Items from a data source
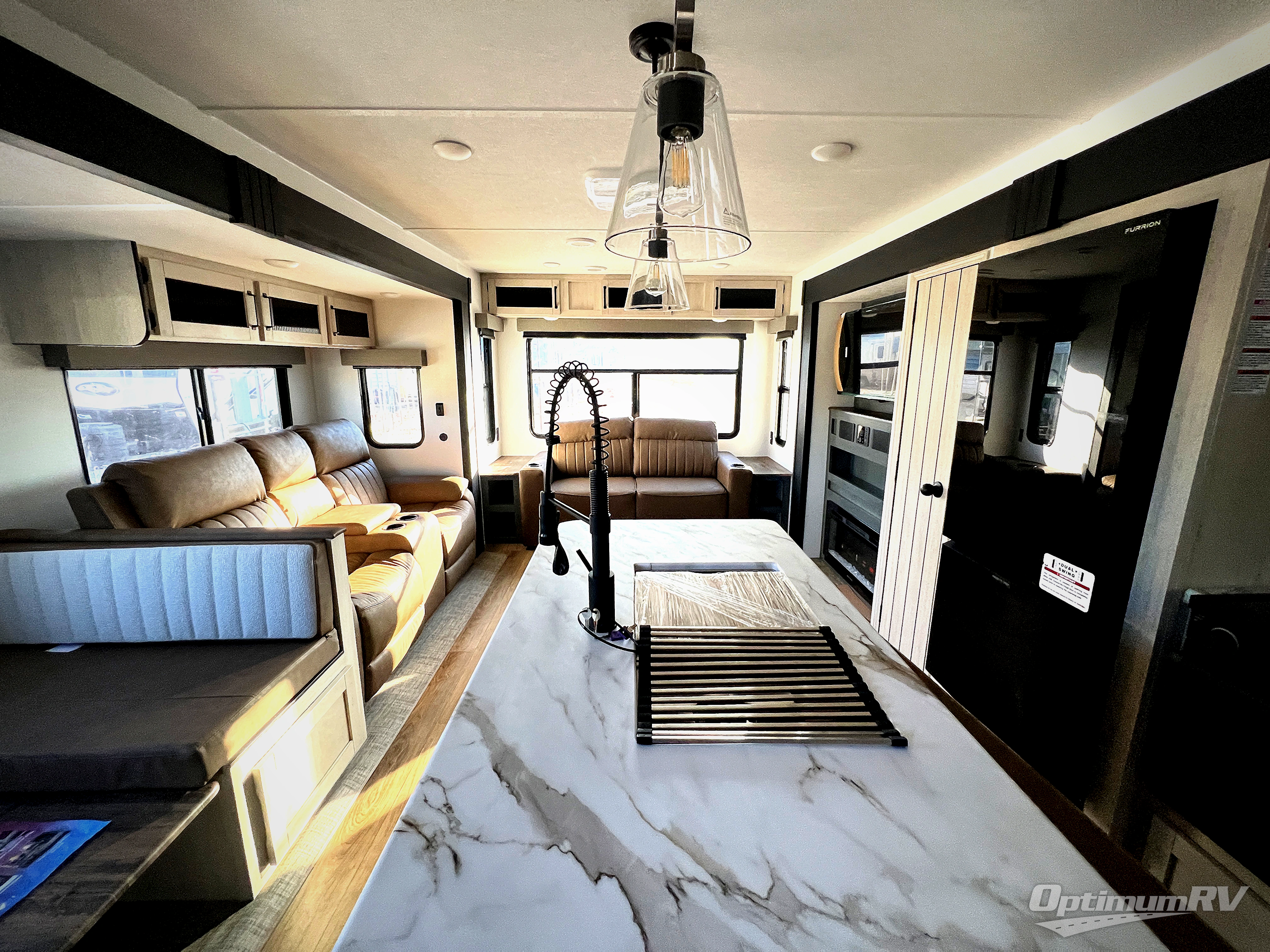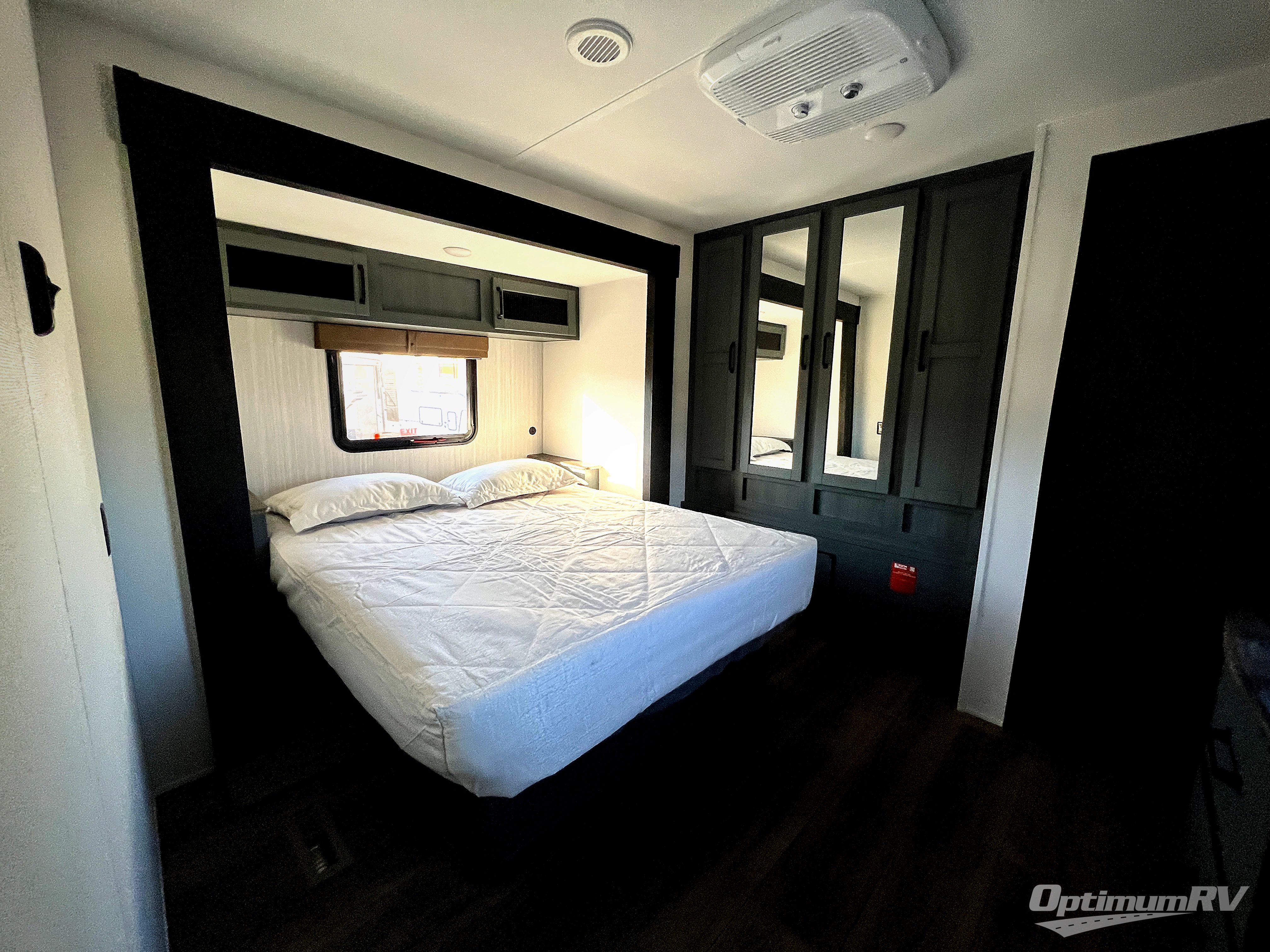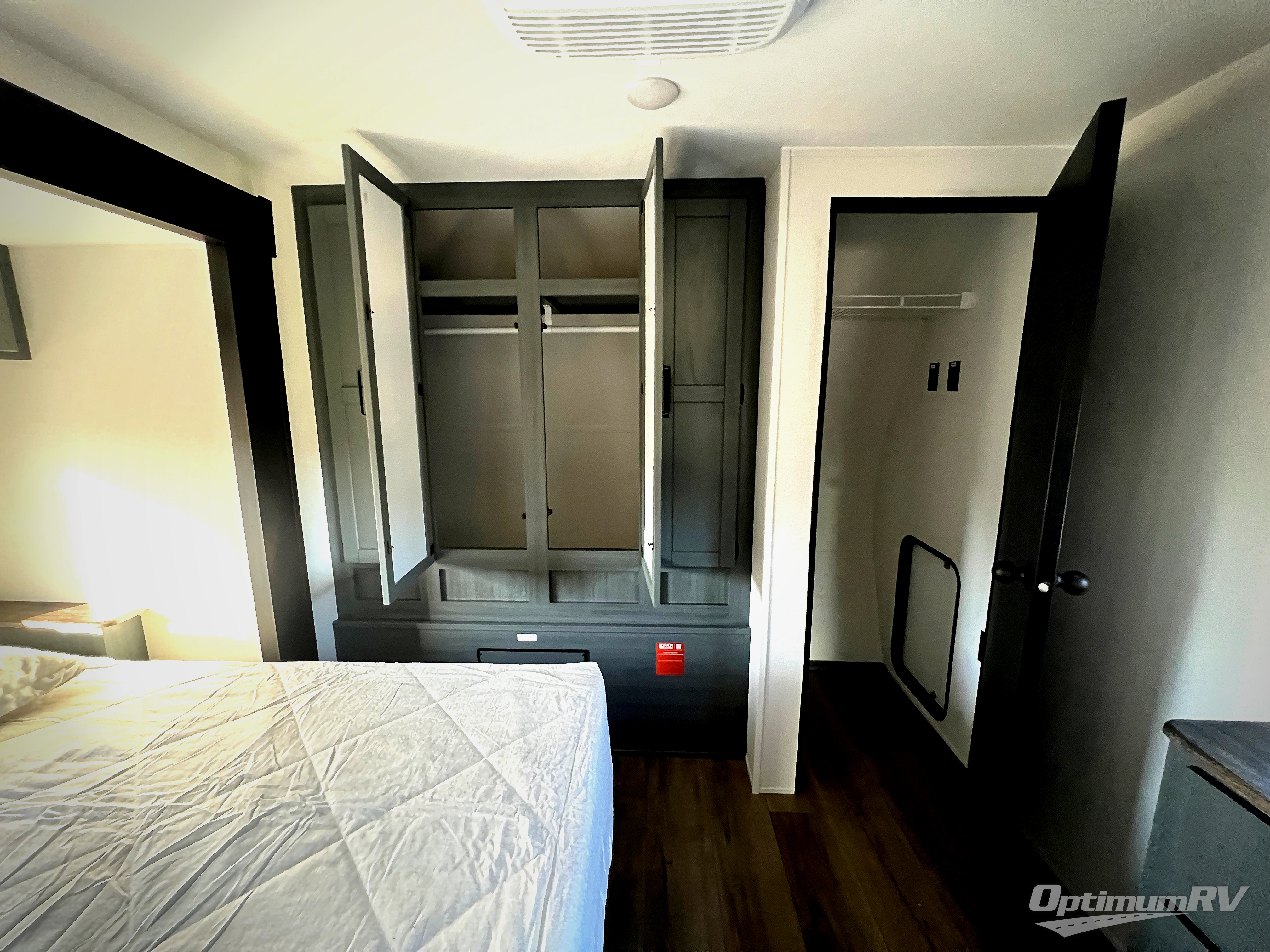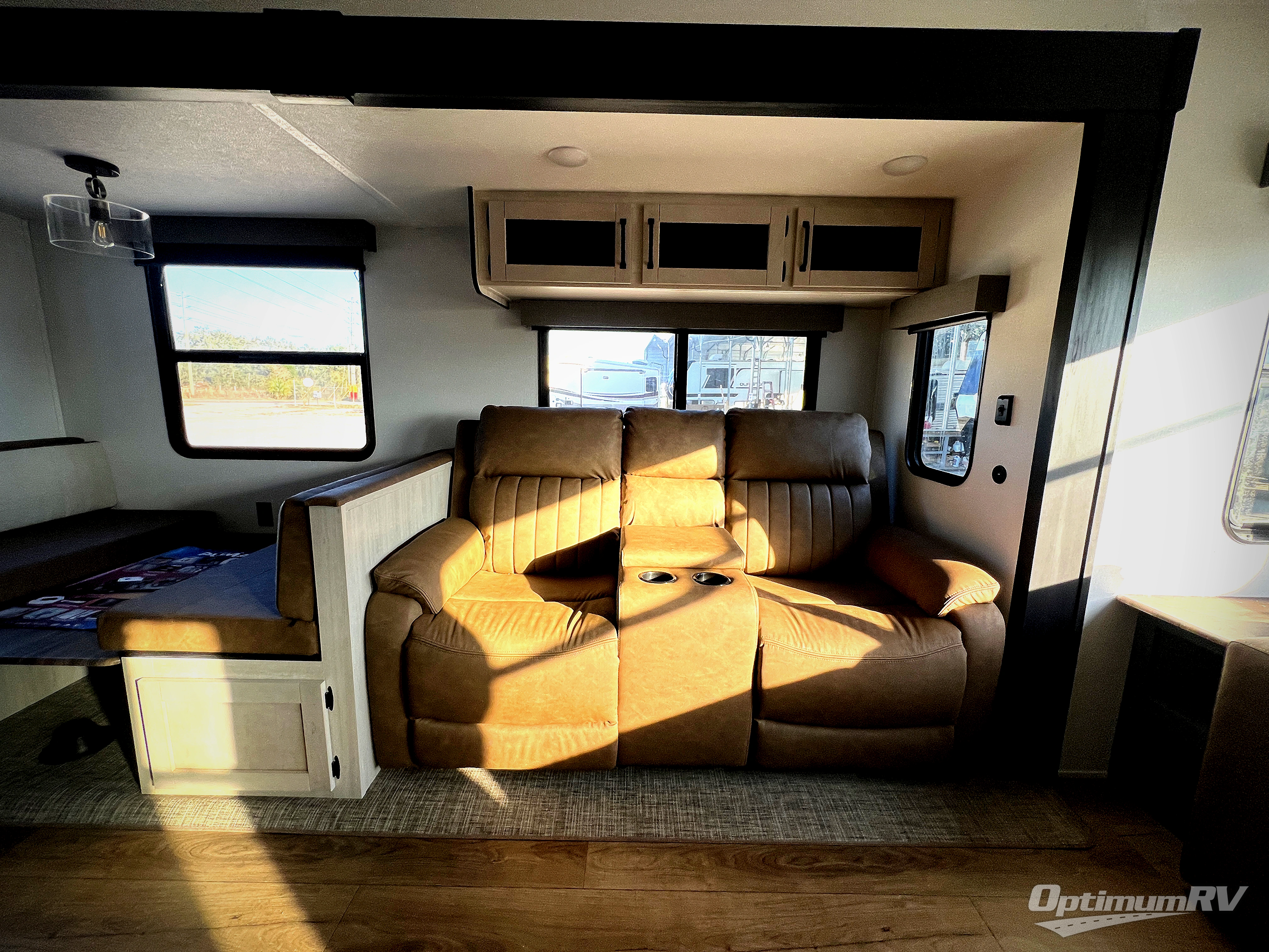 You're going to feel right at home in this travel trailer! The front private bedroom has a queen bed slide for a good night's rest, a dresser and front closet for your clothes, and another closet with washer and dryer prep. Freshen up each morning in the full bathroom with the 32" x 40" shower with a seat and then head to the kitchen to fry up some eggs on the stainless-steel oven and range. You will also appreciate having a kitchen island for easier meal prep and a walk-in pantry to easily see your canned goods and snacks. The booth dinette offers a comfortable place to dine, play, and even sleep once converted. What better way to wind down your nights than to relax on either the rear sofa or on the theater seating across from the entertainment center with a fireplace!
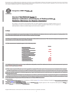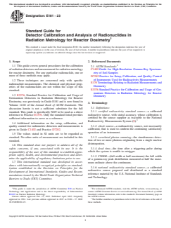 ASTM E181-23 is a standard guide developed by ASTM International that outlines general procedures for the calibration of radiation detectors and the analysis of radionuclides specifically for radiation metrology in reactor dosimetry. This guide focuses on the accurate measurement of radioactivity from specific radionuclides, supporting applications where high precision and reliability are critical. The chemical and physical properties of radionuclides, as well as safety and regulatory guidance, are outside the scope of this document. Instead, the standard concentrates on best practices for the use and calibration of various detector systems and measurement approaches in nuclear science and engineering.
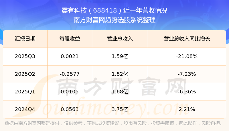 财报显示,2025年第三季度震有科技营收1.59亿元,同比增长-21.08%,净利润40.9万元,同比增长-95.39%。
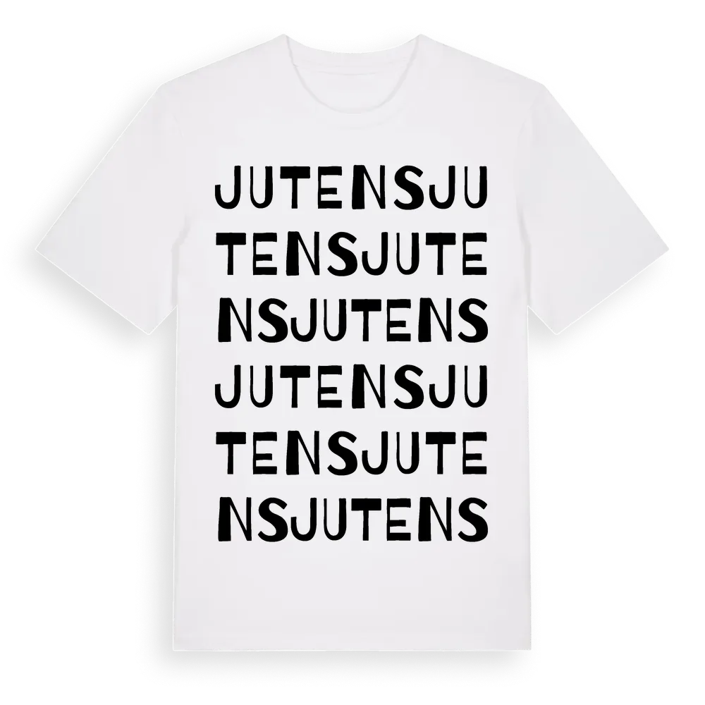 En ordlek byggd på Jutenss namn. Subtilt och klurig – ett motiv som bara de som verkligen känner platsen fullt ut förstår. Premium bomull, unisex – från Jutens i Gävleborgs län.
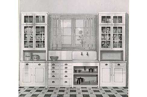 This is just a sketch below, but again, it really drives home some of the aspects of early 1900s kitchens that I want to incorporate in my future kitchen and preserve in my existing one. Here’s a high-backed sink shown placed on top of a counter with a cabinet below. I’d choose a closed lower cabinet for myself (my cats seem to think it’s such a fun game to play in open cabinetry), but the almost-symmetry here interests me. Again, the glass hutch makes an appearance, here as a duo framing the window. I love it!
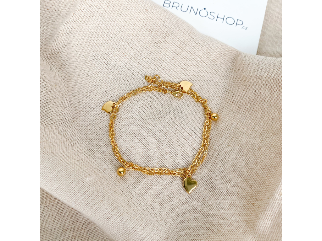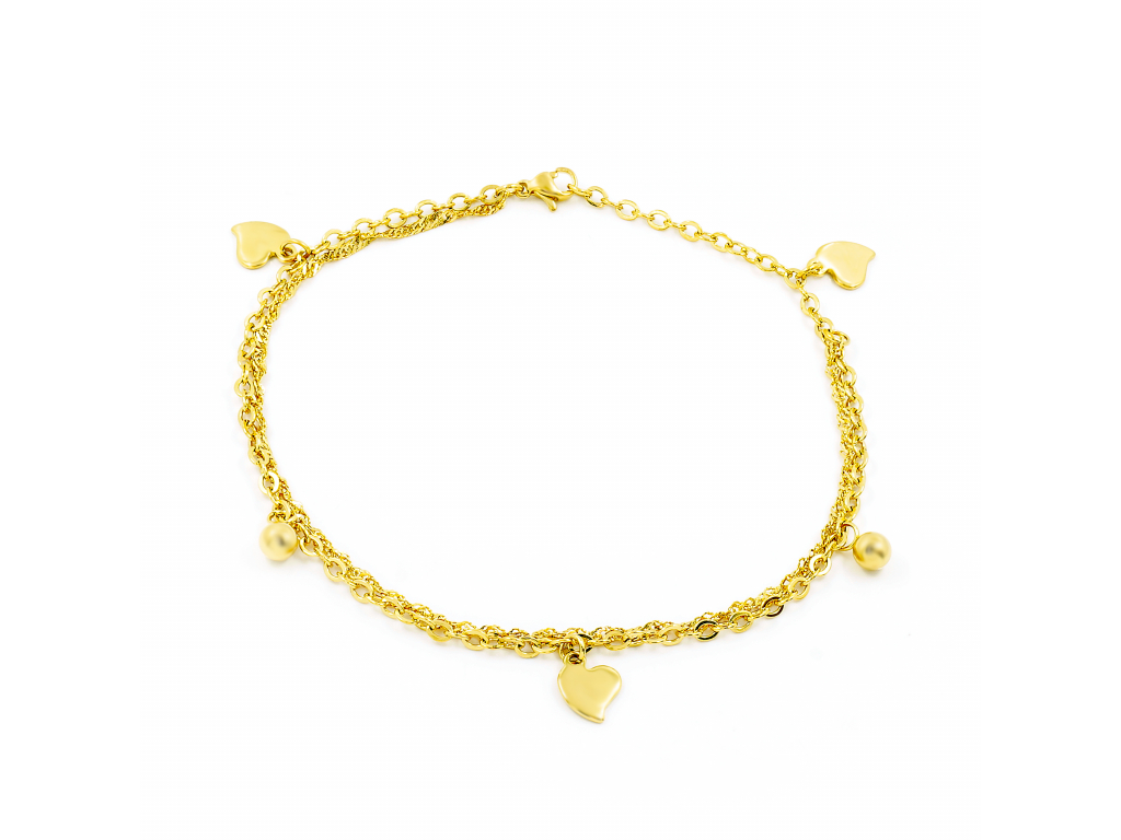 S4097 Dvojitý řetízek na nohu SRDCE GOLD
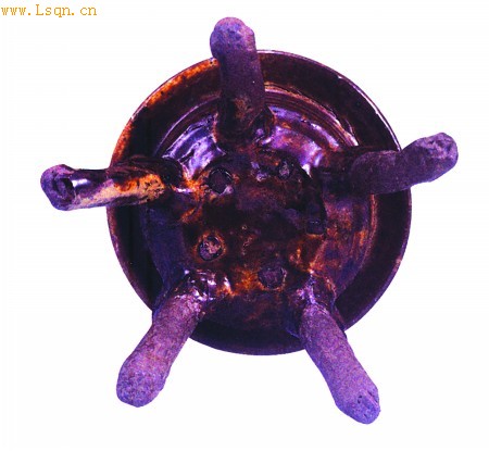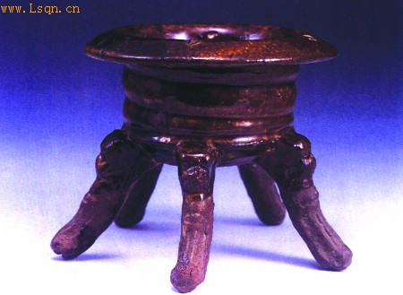 这尊唐代邛窑五足香炉,高11厘米,直径11.5厘米,炉内径6.5厘米,深4.5厘米,褐色釉,光泽莹润,如同凝脂。炉唇外翻,唇宽2厘米,五足向外展开,略显夸张,引人注目,占整个炉身的一半。炉身与足连接处各有一雕塑,形似狮子,按常理应是狻猊。狻猊平生喜静不喜动,好坐,又喜爱烟火,因此佛座上和香炉上的脚部就常以它的造像来装饰。足的下半段为露胎,呈褐红色,胎骨紧密。炉底部留出五处支钉,釉色并不匀称,还有些粗糙,但古拙大方,稚朴可爱,拿在手里有点分量。

PROBLEM TO SOLVE
Nothing but the lines from the line containing "S4097 Dvojitý řetízek na nohu SRDCE GOLD" through the last line of the records above is to be extracted, exactly and with no pictures.

ANSWER TO THIS TASK
 S4097 Dvojitý řetízek na nohu SRDCE GOLD
 这尊唐代邛窑五足香炉,高11厘米,直径11.5厘米,炉内径6.5厘米,深4.5厘米,褐色釉,光泽莹润,如同凝脂。炉唇外翻,唇宽2厘米,五足向外展开,略显夸张,引人注目,占整个炉身的一半。炉身与足连接处各有一雕塑,形似狮子,按常理应是狻猊。狻猊平生喜静不喜动,好坐,又喜爱烟火,因此佛座上和香炉上的脚部就常以它的造像来装饰。足的下半段为露胎,呈褐红色,胎骨紧密。炉底部留出五处支钉,釉色并不匀称,还有些粗糙,但古拙大方,稚朴可爱,拿在手里有点分量。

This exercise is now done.